If we’re going to get the folks that we’re showing homes ready to sign on and become tenants, we should consider what we’re priming them with as they pull up to the home. This includes curb appeal, but hopefully, we’re all doing that anyway. We should also be considering more fundamental things like:
- What does the walk from the car to the front door feel like underfoot? Is it rough, rocky, difficult? Or is it smooth, comfortable, and easy?
- What does the process of getting from outside to inside consist of? Are there several steps to go through–ground to porch to inner door to outer door to mud room to living room? Or is it one-and-done?
- How do you refer to the parts of the home that are not quite ideal? Are your words priming the prospects to see problems (i.e. “The fridge sticks out a little, but…”) or opportunities (“This allows you to open the door all the way so it’s easy to access everything in the fridge”)?
Desire: Your Command is Their Wish
It might seem offhand like it’s impossible to change someone’s desires–they come prepackaged with a pretty clear idea of what they need, right? Nope! Once again, science shows us that people have a pretty clear idea of what they want, but often have little to no conception of how what they’re looking at matches up with what they want. This is why classic door-to-door sales logic dictates that absolutely everything be presented not in terms of a feature (i.e. “This house has tile floors in the bathroom”), but in terms of a benefit (i.e. “This floor is easy to keep clean”).
This has a nearly magical effect on people’s decision-making processes because instead of seeing things through the lens of what they are experiencing in their daily lives, they’re instantly imagining themselves having a fictional problem and then avoiding it through the use of the benefit. Suddenly, the feature becomes important, and that means emotional impact. This can certainly happen during the showing, but is of primary importance for the person writing the advertisement. Calling a yard “low-maintenance” is solving a problem; calling it “modest” or “cozy” is not. Solve problems with your advertisements, and you’re essentially sculpting their desire, whether they realize it or not.

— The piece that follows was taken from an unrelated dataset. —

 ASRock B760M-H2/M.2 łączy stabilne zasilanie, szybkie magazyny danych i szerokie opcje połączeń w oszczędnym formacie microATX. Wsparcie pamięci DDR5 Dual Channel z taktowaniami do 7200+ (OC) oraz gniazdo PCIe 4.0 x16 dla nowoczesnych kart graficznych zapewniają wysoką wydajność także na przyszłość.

Finally, we have judgment–the subconscious processing of other people’s opinions as we encounter them. This is a serious double-edged sword for someone trying to fill vacancies because people inherently view the seller’s (that’s your) opinion as not only inherently untrustworthy, but as deliberately misleading because you have an agenda (to fill the vacancy). So anything you say about the house in vague, meaningless terms (“This living room is great!”) immediately gets not just discarded, but often results in a negative impact on their opinion. Sticking to specific claims (and attaching them to features!) is the best route to take when presenting a rental property if you want that particular prospect to be your next tenant.
In direct opposition, we have the fact that people–all of us–inherently view the opinions of “neutral” third parties as insanely important. If there are four other people who said this thing was great, it must be great! This point is mostly for the written ads: If you can get a quote from the previous tenant that even passingly mentions that they loved their stay at the house or how the landlord helped them X the YZ this one time, include it. The emotional impact shouldn’t ever go to waste.

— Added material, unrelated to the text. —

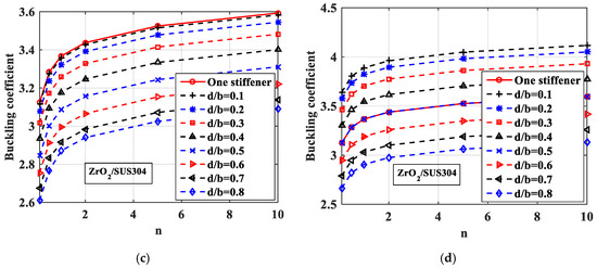 By varying the volume index fraction n and the distance between the two stiffeners d, we obtained the numerical results of the buckling coefficients of the plate, as plotted in Figure 14.

Yes, it is absolutely obligatory that we provide our prospects with solid, statistical reasons to sign our lease–but in the end, that’s only because they have to at some point explain that decision to other people. If we acknowledge that signing a tenant is just as emotion-based a process as selling them a vacuum cleaner or a life insurance policy, we’ll go a long way toward filling vacancies across all of the properties we manage.
What are your tricks and tips for painting your rentals in the best light?